▶ [Task requirements]
Lines from the line with "Apply a thick" to the line with "Yhtiössä on tehty" in the entries below, and only those, must be output exactly, with both ends included.

▶ [Dataset excerpts]
^^^^^^^^^^^^^^^^

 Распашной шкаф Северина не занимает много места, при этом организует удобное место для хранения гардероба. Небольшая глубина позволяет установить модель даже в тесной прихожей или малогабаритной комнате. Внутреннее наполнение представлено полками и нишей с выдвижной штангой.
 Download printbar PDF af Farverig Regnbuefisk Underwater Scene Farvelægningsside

^^^^^^^^^^^^^^^^

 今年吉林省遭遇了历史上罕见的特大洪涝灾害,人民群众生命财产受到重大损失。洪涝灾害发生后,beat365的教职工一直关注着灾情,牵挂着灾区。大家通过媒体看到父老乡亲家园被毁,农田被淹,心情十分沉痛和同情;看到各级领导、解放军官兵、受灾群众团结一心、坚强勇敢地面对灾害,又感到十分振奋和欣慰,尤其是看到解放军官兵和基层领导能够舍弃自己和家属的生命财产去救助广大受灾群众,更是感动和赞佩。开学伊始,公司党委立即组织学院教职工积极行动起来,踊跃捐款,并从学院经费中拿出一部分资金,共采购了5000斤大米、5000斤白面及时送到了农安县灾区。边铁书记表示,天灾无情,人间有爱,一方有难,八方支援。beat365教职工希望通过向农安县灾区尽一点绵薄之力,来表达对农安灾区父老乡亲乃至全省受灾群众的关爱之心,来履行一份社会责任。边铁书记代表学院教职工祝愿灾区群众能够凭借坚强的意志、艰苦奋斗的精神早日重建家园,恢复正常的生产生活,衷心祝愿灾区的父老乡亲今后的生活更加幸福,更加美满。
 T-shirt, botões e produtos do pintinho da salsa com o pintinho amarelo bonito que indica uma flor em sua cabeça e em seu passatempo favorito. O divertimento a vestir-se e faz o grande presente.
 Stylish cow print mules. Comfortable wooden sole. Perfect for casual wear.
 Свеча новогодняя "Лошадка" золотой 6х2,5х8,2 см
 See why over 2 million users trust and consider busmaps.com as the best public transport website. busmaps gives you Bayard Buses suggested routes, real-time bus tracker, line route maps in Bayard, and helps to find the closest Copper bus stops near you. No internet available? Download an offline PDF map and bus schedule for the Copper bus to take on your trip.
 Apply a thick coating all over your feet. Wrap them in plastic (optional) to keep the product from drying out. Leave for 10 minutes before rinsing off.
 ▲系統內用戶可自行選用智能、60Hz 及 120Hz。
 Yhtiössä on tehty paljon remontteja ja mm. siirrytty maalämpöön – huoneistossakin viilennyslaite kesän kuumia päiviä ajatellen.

^^^^^^^^^^^^^^^^

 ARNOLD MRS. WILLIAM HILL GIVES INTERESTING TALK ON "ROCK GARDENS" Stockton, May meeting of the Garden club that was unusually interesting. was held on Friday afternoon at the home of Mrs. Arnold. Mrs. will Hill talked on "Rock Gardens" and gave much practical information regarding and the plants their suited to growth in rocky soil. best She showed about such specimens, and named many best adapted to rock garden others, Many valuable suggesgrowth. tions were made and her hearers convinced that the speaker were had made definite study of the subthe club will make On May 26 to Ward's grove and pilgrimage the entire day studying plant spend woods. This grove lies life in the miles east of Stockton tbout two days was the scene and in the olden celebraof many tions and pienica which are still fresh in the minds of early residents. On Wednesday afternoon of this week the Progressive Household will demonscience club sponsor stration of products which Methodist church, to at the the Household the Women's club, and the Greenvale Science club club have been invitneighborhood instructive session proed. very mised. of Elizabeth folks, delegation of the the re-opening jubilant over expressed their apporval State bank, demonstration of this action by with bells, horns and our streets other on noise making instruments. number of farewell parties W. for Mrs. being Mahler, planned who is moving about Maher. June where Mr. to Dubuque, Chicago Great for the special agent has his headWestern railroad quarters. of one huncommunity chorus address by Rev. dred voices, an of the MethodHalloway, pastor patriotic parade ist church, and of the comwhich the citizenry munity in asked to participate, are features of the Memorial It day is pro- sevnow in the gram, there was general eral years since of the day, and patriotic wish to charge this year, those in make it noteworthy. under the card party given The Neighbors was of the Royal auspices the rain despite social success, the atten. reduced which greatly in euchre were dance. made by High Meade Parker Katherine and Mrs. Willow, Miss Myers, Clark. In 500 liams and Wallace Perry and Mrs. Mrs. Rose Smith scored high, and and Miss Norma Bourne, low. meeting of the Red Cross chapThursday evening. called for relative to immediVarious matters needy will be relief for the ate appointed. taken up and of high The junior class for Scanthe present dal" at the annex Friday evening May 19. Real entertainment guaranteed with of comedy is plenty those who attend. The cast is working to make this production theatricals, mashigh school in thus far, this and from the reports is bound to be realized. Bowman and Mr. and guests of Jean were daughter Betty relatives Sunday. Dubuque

^^^^^^^^^^^^^^^^

▶ [Written answer]
 Apply a thick coating all over your feet. Wrap them in plastic (optional) to keep the product from drying out. Leave for 10 minutes before rinsing off.
 ▲系統內用戶可自行選用智能、60Hz 及 120Hz。
 Yhtiössä on tehty paljon remontteja ja mm. siirrytty maalämpöön – huoneistossakin viilennyslaite kesän kuumia päiviä ajatellen.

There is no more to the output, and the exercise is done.